Unravelling the complex speciation of halozincate ionic liquids using X-ray spectroscopies and calculations

Abstract

Using a combination of liquid-phase experimental X-ray spectroscopy experiments and small-scale calculations we have gained new insights into the speciation of halozincate anions in ionic liquids (ILs). Both core and valence X-ray photoelectron spectroscopy (XPS) were performed directly on the liquid-phase ILs, supplemented by Zn 1s X-ray absorption near edge structure (XANES) spectroscopy. Density functional theory (DFT) calculations were carried out on both 1- and 2- halozincate anions, in both a generalised solvation model SMD (Solvation Model based on Density) and the gas phase, to give XP spectra and total energy differences; time-dependent DFT was used to calculate XA spectra. Speciation judgements were made using a combination of the shape and width of experimental spectra, and visual matches to calculated spectra. For 2- halozincate anions, excellent matches were found between experimental and calculated XP spectra, clearly showing that only 2- halozincate anions were present at all zinc halide mole fraction, x, studied. At specific x (0.33, 0.50, 0.60) only one halozincate anion was present; equilibria of different halozincate anions at those x were not observed.
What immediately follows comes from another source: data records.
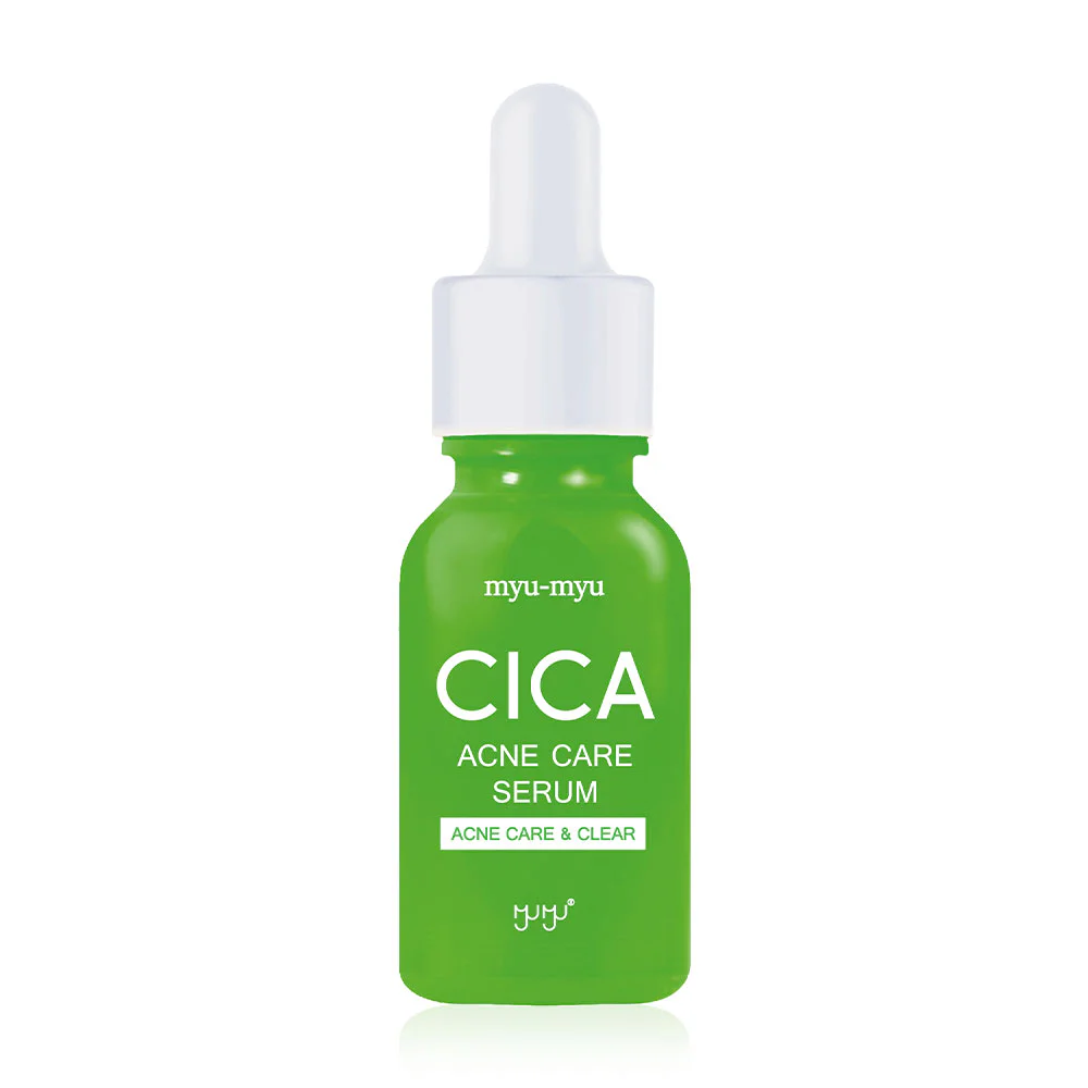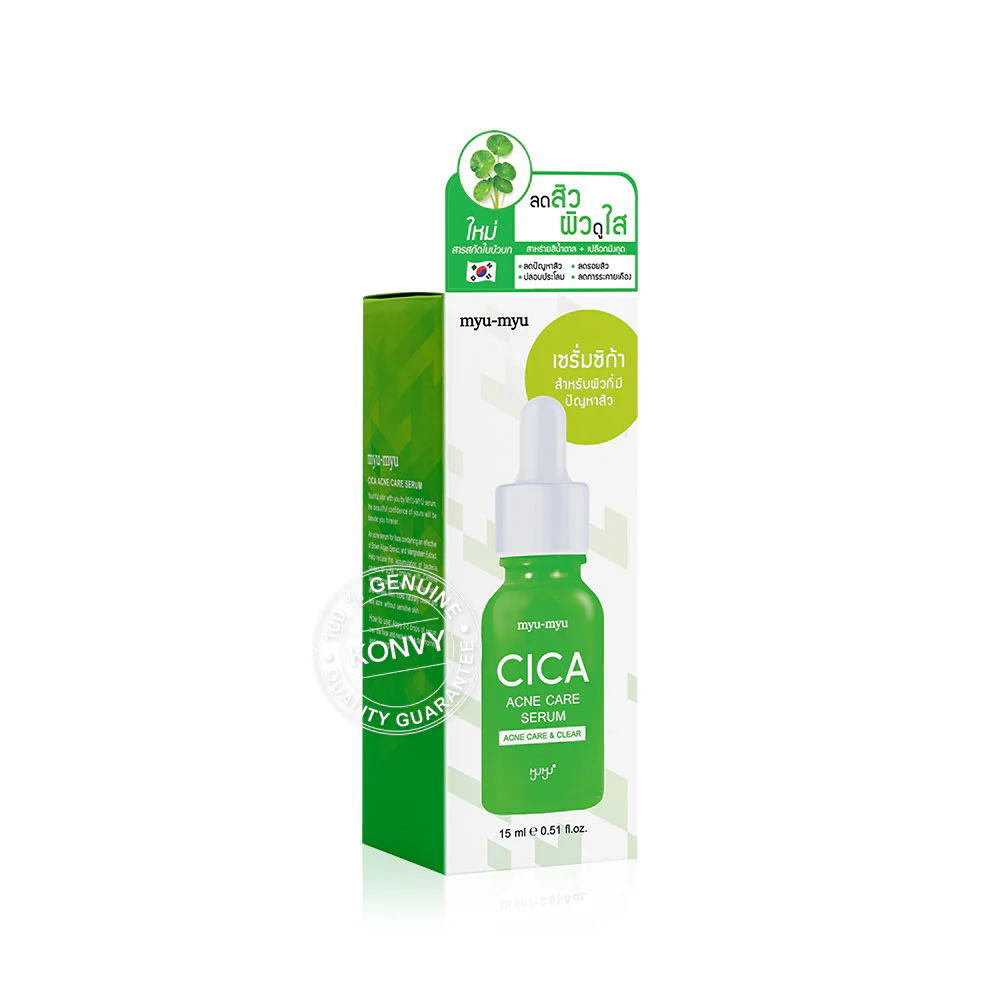 MYU-MYU Cica Acne Care Serum 15g Skin serum formulated specifically to reduce acne problems with the effective value of brown algae extract and mangosteen peel, helping to reduce the accumulation of bacteria that cause acne. Working together with Centella Asiatica extract to help reduce inflammation and make redness fade, the skin looks clear, acne-free, and naturally smoother. Gentle even on sensitive skin.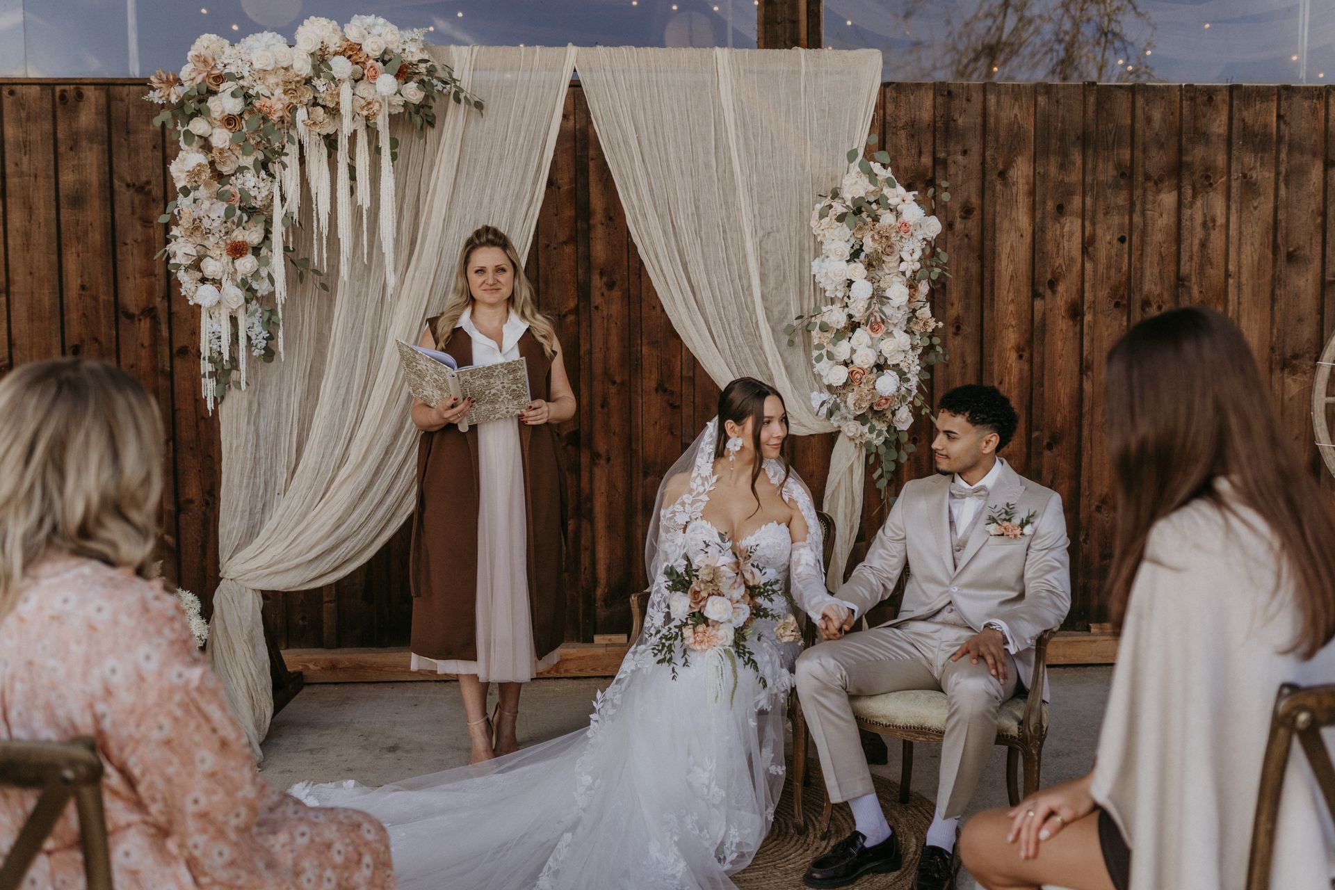 Mit der feierlichen Befragung und dem symbolträchtigen Ringtausch schließen wir die Trauzeremonie ab, die eure Liebe und Verbundenheit in jedem Moment widerspiegelt.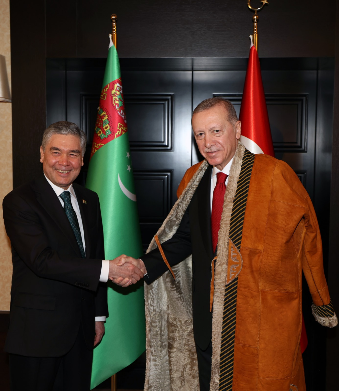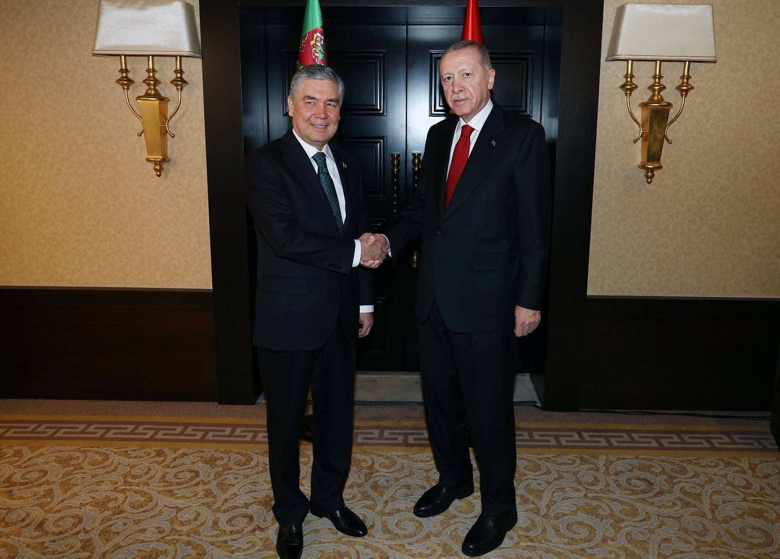 Cumhurbaşkanı Erdoğan, gerçekleştirdiği ilk görüşmede Türkmenistan Milli Lideri ve Halk Maslahatı Başkanı Gurbangulu Berdimuhammedov ile bir araya geldi. Görüşmede Türkiye ile Türkmenistan ikili ilişkileri, bölgesel ve küresel konular ile İsrail’in masum sivillere yönelik sistematik saldırıları ele alındı.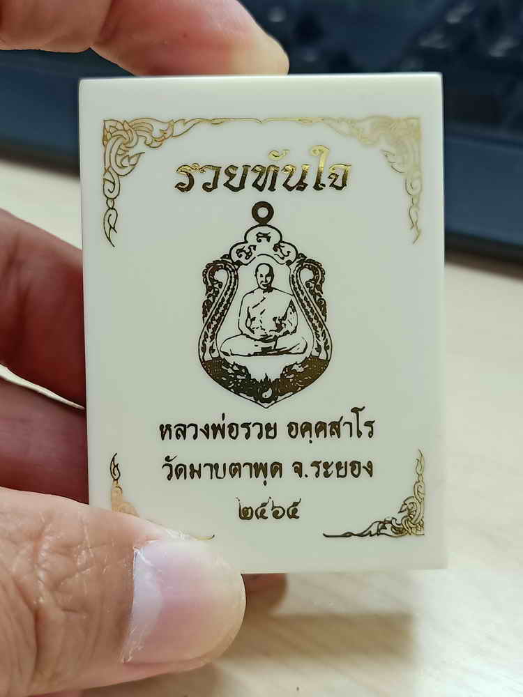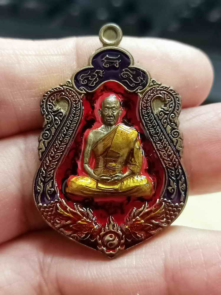 วัดใจ 100 เหรียญเสมารวยทันใจ หลวงพ่อรวย วัดมาบตาพุด จ.ระยอง ปี 2565 ชนวนโบราณ ลงยาแดง ขอบ จีวร หมายเลข 122 กล่องเดิม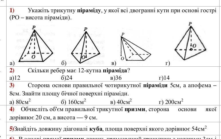 СРОЧНО 1) Укажіть трикутну піраміду, у якої всі двогранні кути при основі гострі (РО-висота піраміди). a)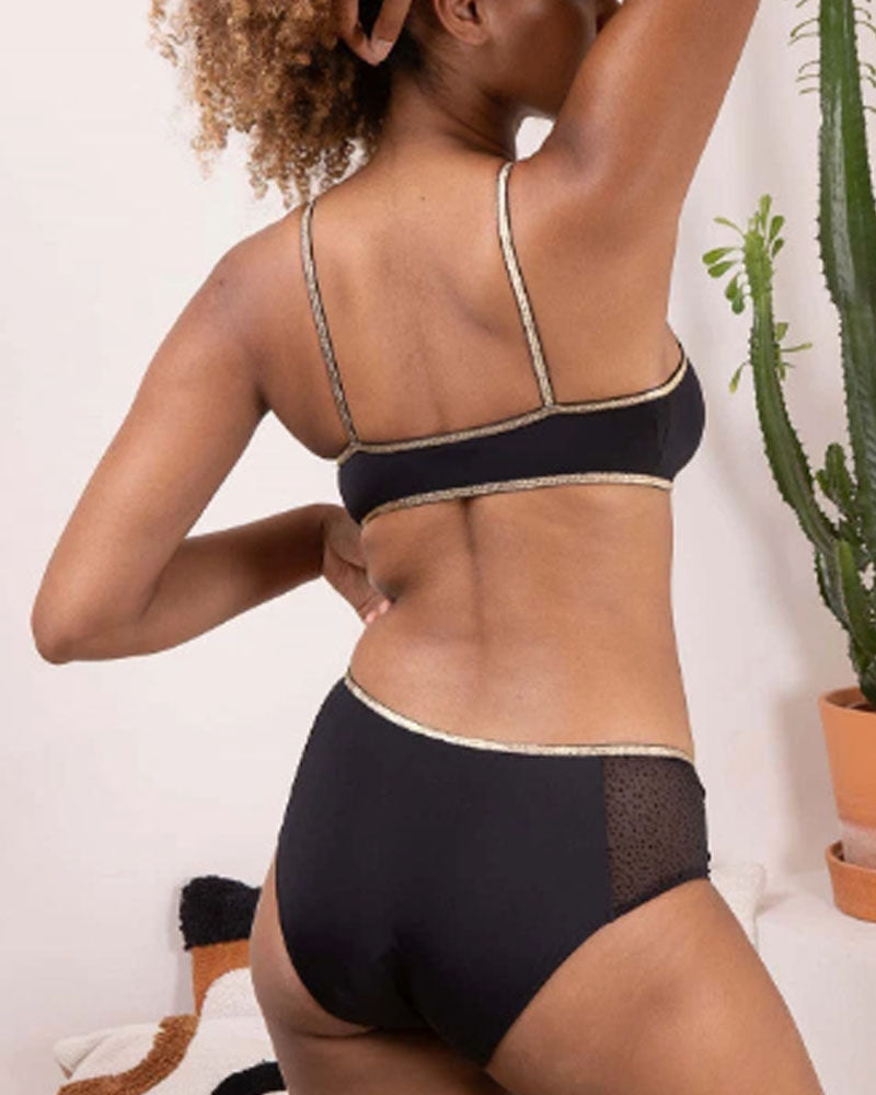 Allier style, féminité et pratique avec les shortys menstruels Moon ! Conçues pour éviter les fuites grâce à ses couches absorbantes en coton et en fibres de bambou. Idéal pour la nuit, son flux abondant est équivalent à 3-4 tampons normaux ou 2 tampons ultra absorbants. On est fan de l'élastique doré et la dentelle noire, les codes signatures de la marque ! Le shorty Moon existe également en flux moyen.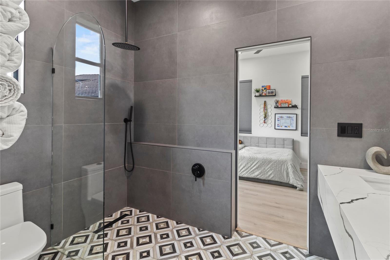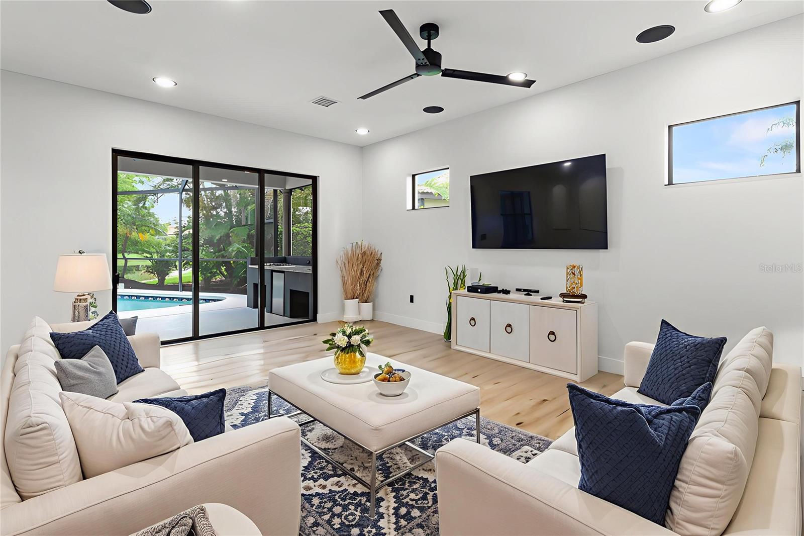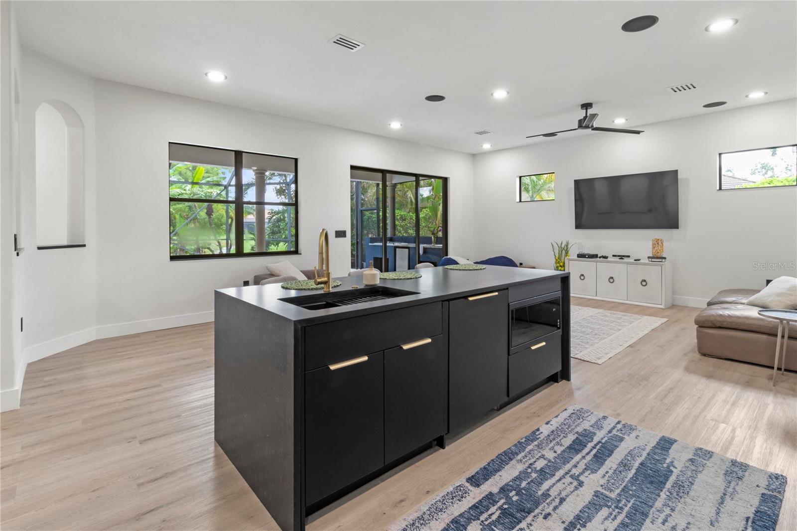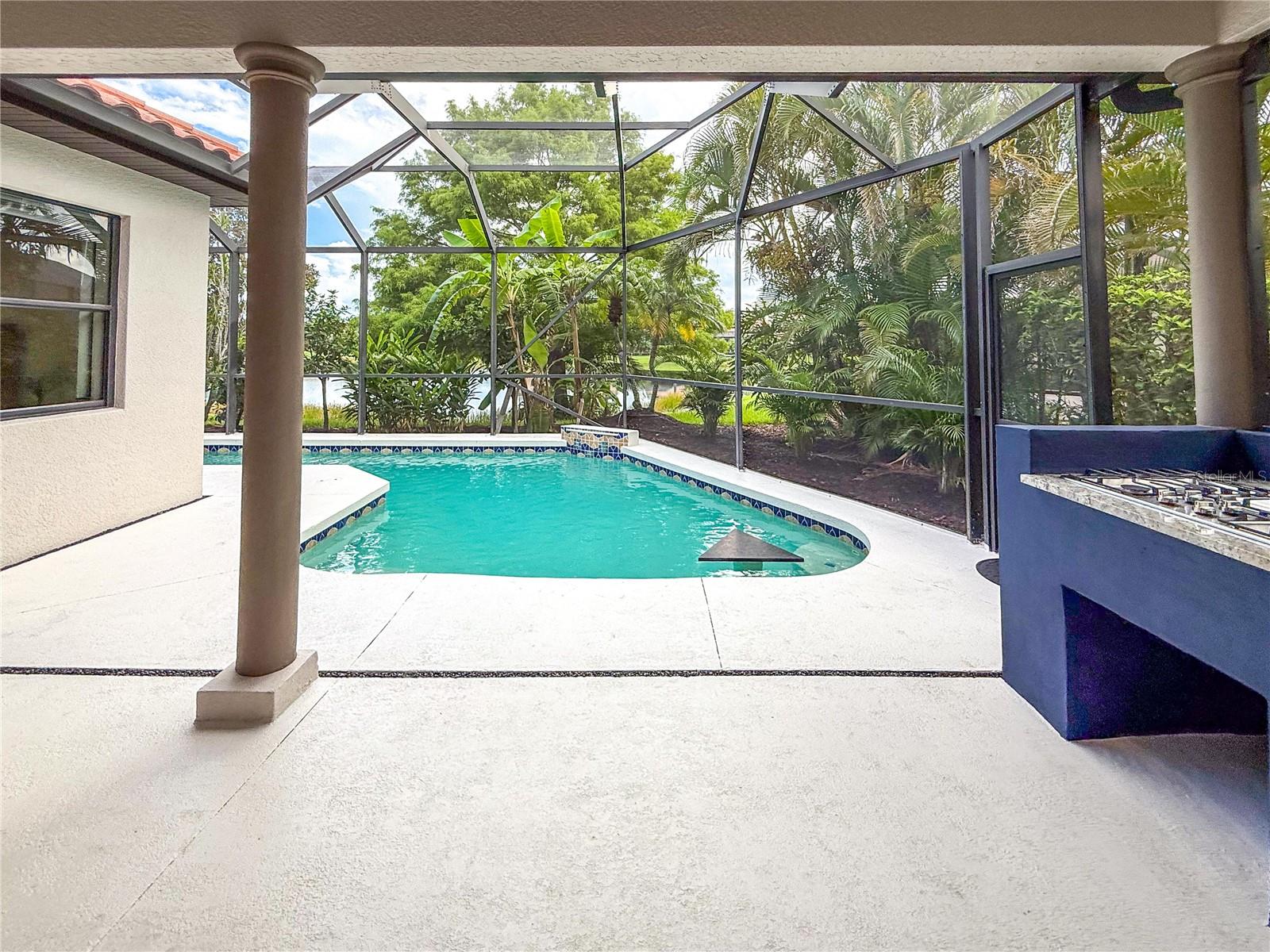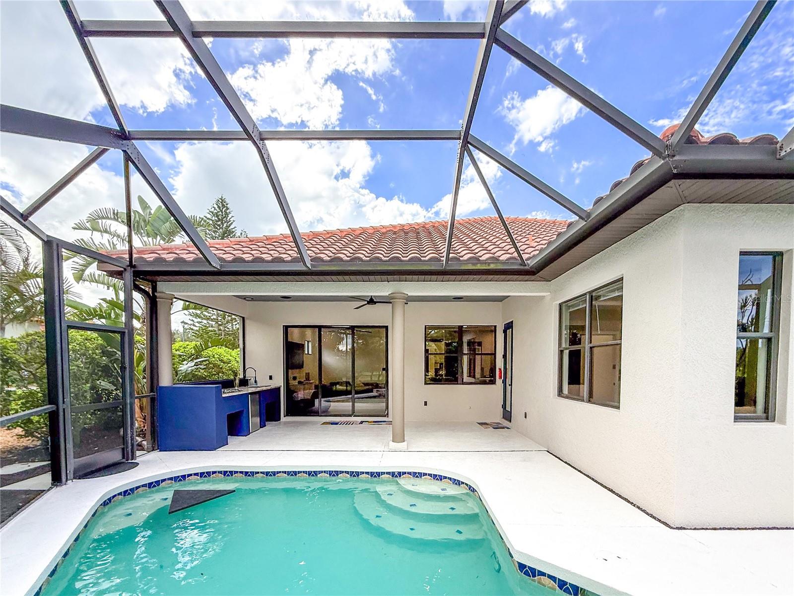 Exterior: Lighting, Outdoor Grill, Outdoor Kitchen, Outdoor Shower, Rain Gutters, Sliding Doors

All findings show that chlorozincate anion and bromozincate anion speciation matched at the same x. Based on the results, predictions are made of the halozincate anion speciation for all x up to 0.67. Caution is advised when using differences in calculated total energies obtained from DFT to judge halozincate anion speciation, even when the SMD was employed, as predictions based on total energy differences did not always match the findings from experimental and calculated spectra. Our findings clearly establish that the combination of high-quality experimental data from multiple spectroscopies and a wide range of calculated structures are essential to have high confidence in halozincate anion speciation identification.